GIVEN ENTRIES ::

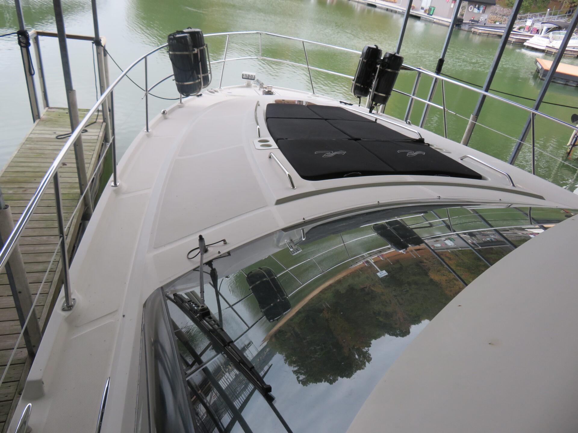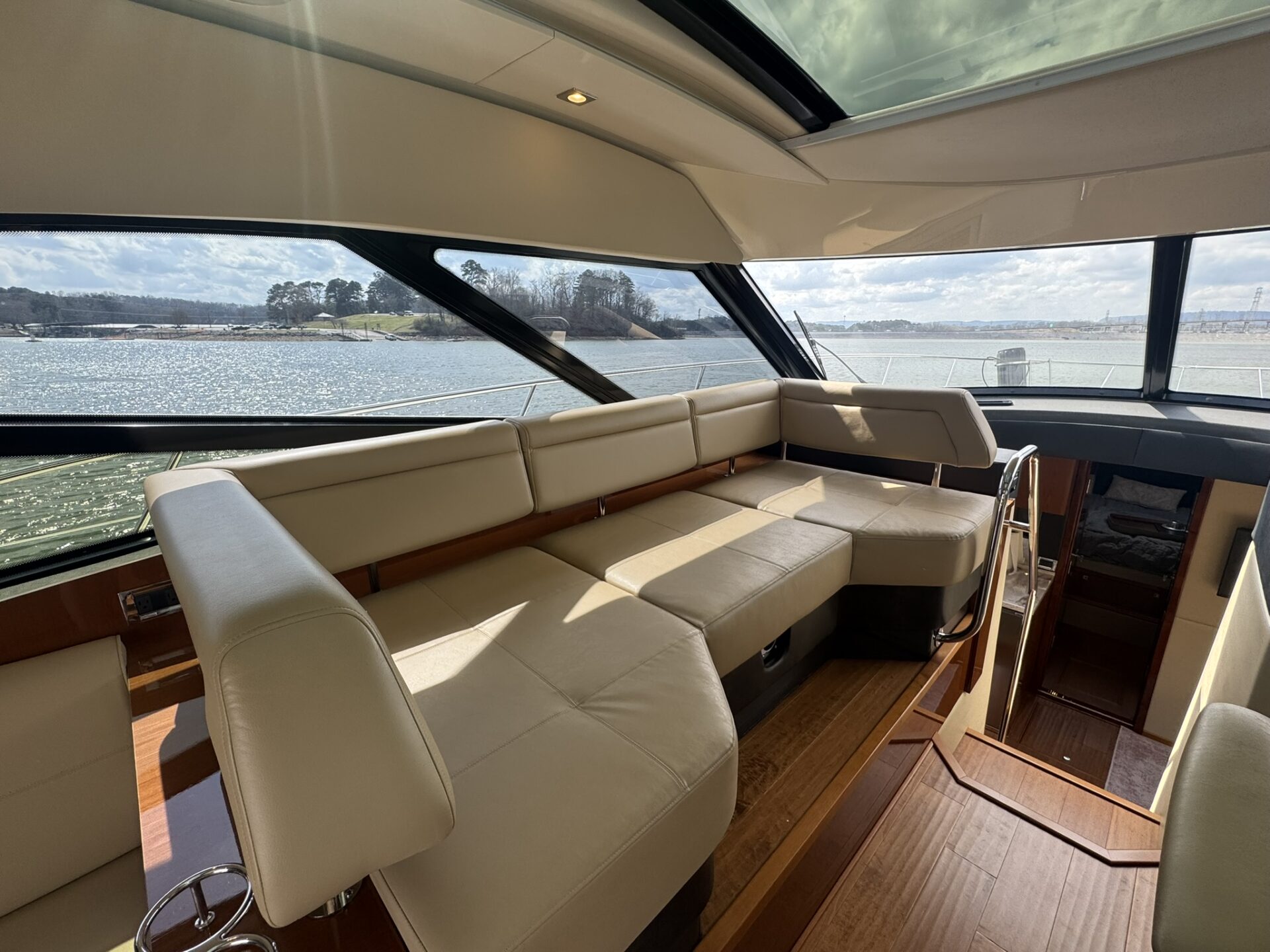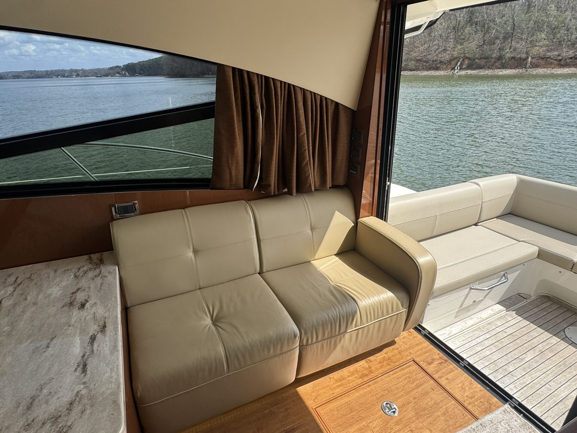This is an immaculate 470 Sundancer with only 450 hours on QSB 480 Cummins with Zeus Pod Drives. It’s time has been shared between the TN River and Gulf Coast and it is well cared for and lightly used. It has an Aft Deck Enclosure; Teak Decks; Standard Swim Platform; Sky Hook & Auto Pilot; Battery Charger; GPS; Radar; VHF Radio; FLIR Camera System; 3 TV’s; Stereo System; Microwave; Fridge; 4 AC/Heat Units; 6.5KW Diesel Generator; Trim Tabs; 2 Heads with Showers; Windlass; Bilge Heater; Central Vac System; Cockpit Grill; LED Lighting; Cockpit Table; Foredeck Sunpad; DSS TV System; Sea Dek on Extended Swim Platform.
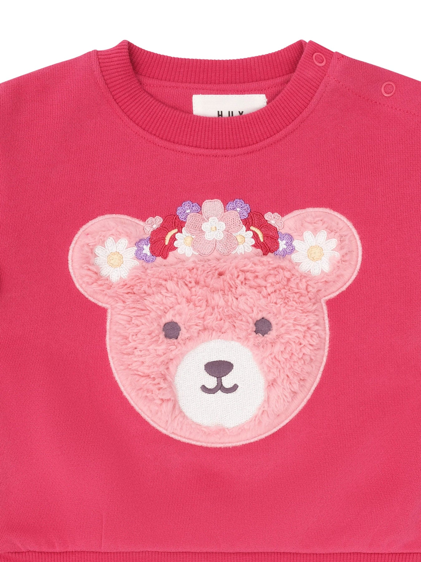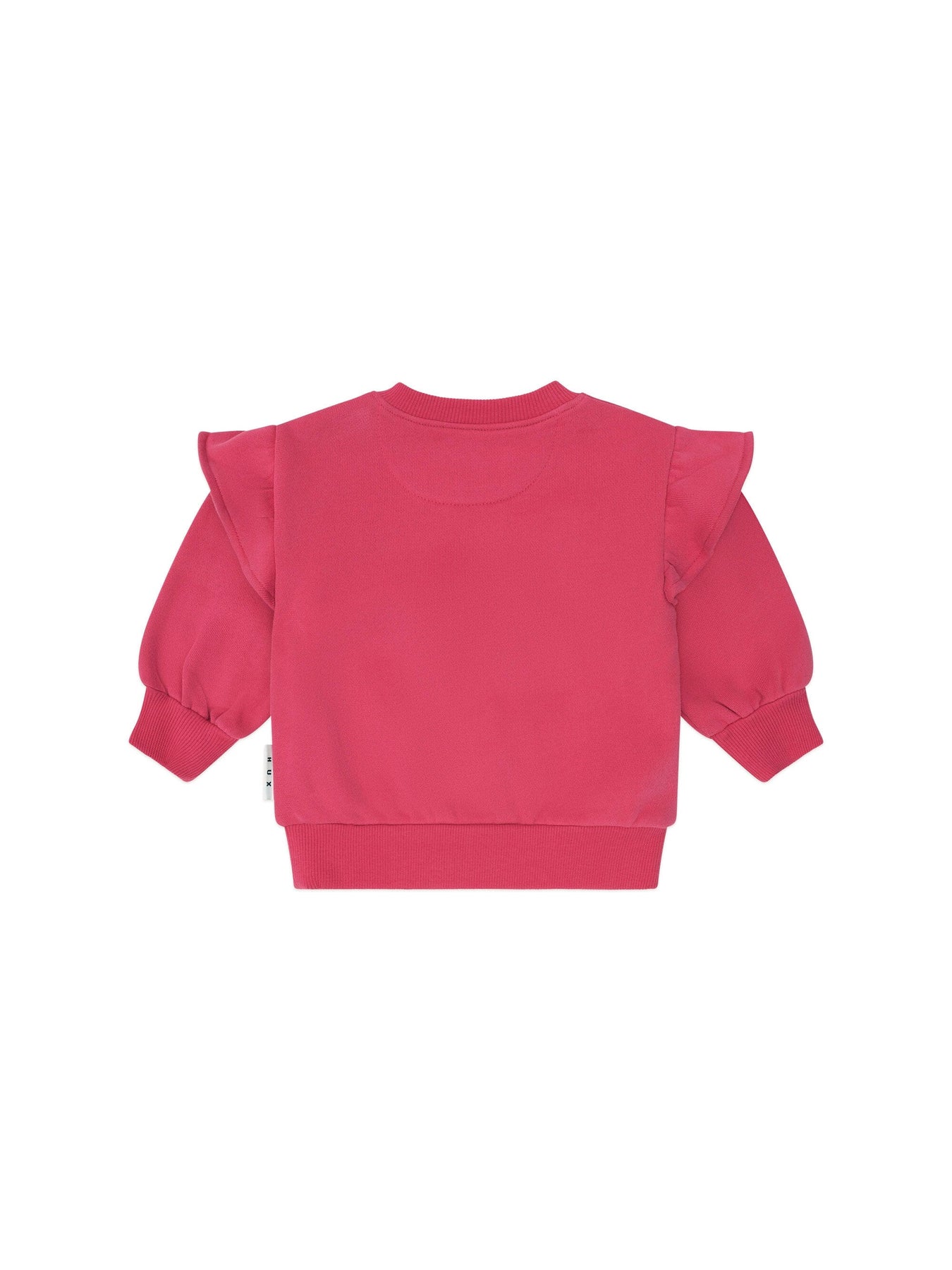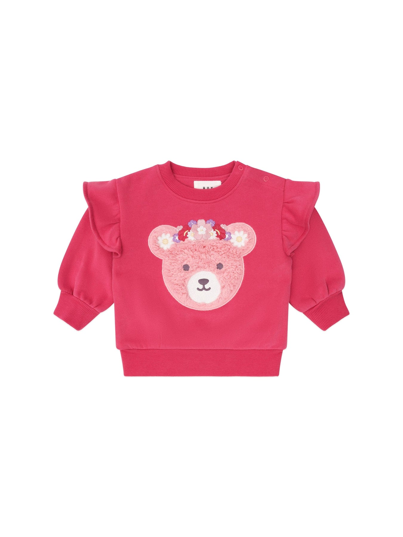 A warm and cosy fluffy fleece sweatshirt, with sweet shoulder frills. It’s made from the dreamiest organic cotton that feels like a big hug from your bestie. It features a flower crown Huxette embroidered on the tummy. Baby sizes include stainless steel back snaps for easy dressing.
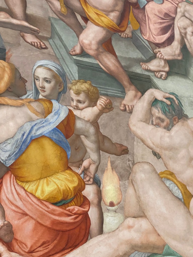 This is one of the last works of Bronzino. On the left of the fresco, beneath the statue of Mercury, Bronzino painted a self-portrait together with two portraits of his master, Pontormo, and his pupil, Alessandro Allori.
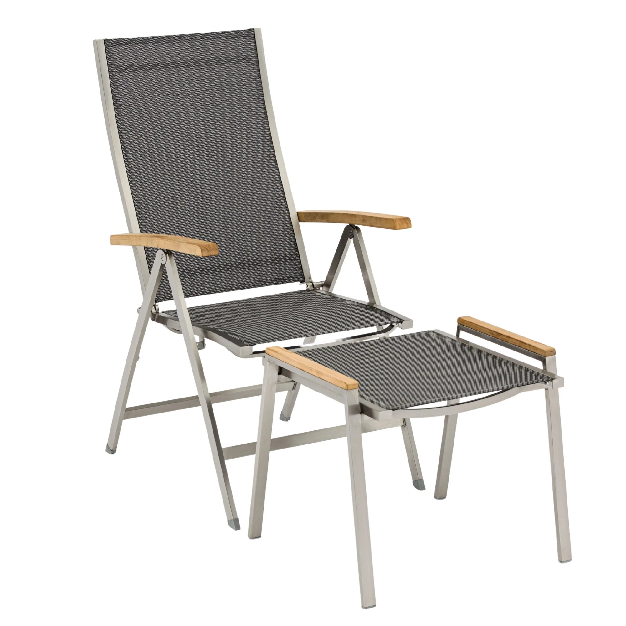 - Material: Edelstahlgestell mit hochwertigen Textilen und Teakholz-Akzenten
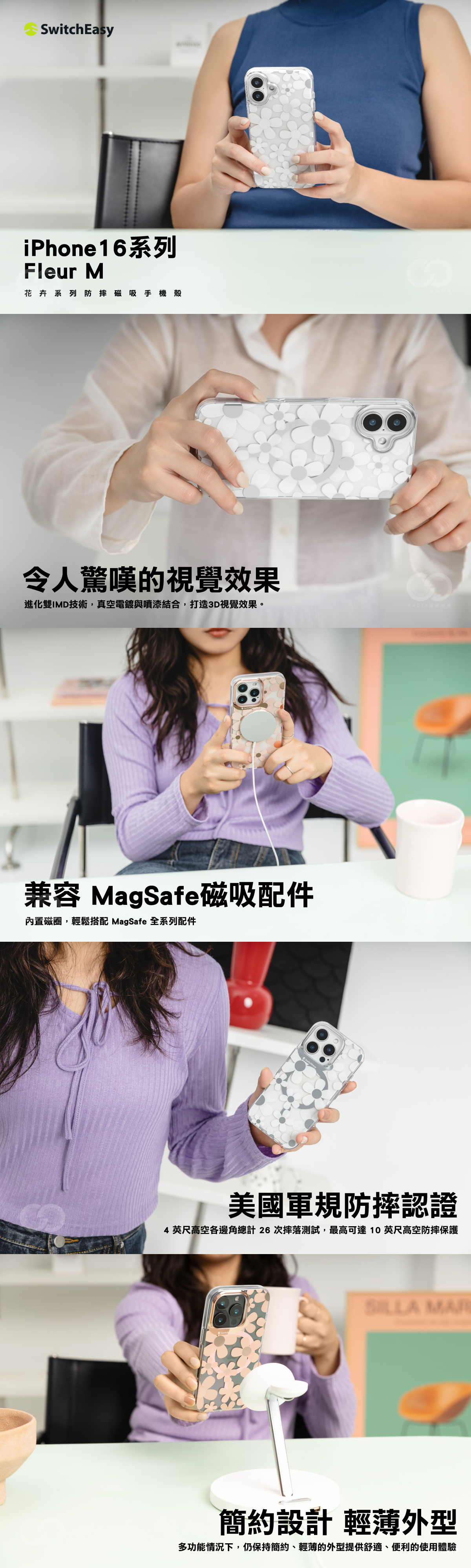 ◇產品介紹●多款精緻且不易掉色的圖案選擇●雙層 IMD 膜內裝飾技術,製造 3D 立體視覺效果●AIR-BARRIER 空氣屏障,有效吸收衝擊,防止手機背板破裂● 通過美國軍規防落摔測試,最高可達 10 英尺高空防摔保護●M 系列內置磁圈,支援 MagSafe 全系列配件

ABOUT THIS EXERCISE ::
Without the pictures, restate all the entries above exactly.

RESPONSE FOR THIS EXERCISE ::
This is an immaculate 470 Sundancer with only 450 hours on QSB 480 Cummins with Zeus Pod Drives. It’s time has been shared between the TN River and Gulf Coast and it is well cared for and lightly used. It has an Aft Deck Enclosure; Teak Decks; Standard Swim Platform; Sky Hook & Auto Pilot; Battery Charger; GPS; Radar; VHF Radio; FLIR Camera System; 3 TV’s; Stereo System; Microwave; Fridge; 4 AC/Heat Units; 6.5KW Diesel Generator; Trim Tabs; 2 Heads with Showers; Windlass; Bilge Heater; Central Vac System; Cockpit Grill; LED Lighting; Cockpit Table; Foredeck Sunpad; DSS TV System; Sea Dek on Extended Swim Platform.
 A warm and cosy fluffy fleece sweatshirt, with sweet shoulder frills. It’s made from the dreamiest organic cotton that feels like a big hug from your bestie. It features a flower crown Huxette embroidered on the tummy. Baby sizes include stainless steel back snaps for easy dressing.
 This is one of the last works of Bronzino. On the left of the fresco, beneath the statue of Mercury, Bronzino painted a self-portrait together with two portraits of his master, Pontormo, and his pupil, Alessandro Allori.
 - Material: Edelstahlgestell mit hochwertigen Textilen und Teakholz-Akzenten
 ◇產品介紹●多款精緻且不易掉色的圖案選擇●雙層 IMD 膜內裝飾技術,製造 3D 立體視覺效果●AIR-BARRIER 空氣屏障,有效吸收衝擊,防止手機背板破裂● 通過美國軍規防落摔測試,最高可達 10 英尺高空防摔保護●M 系列內置磁圈,支援 MagSafe 全系列配件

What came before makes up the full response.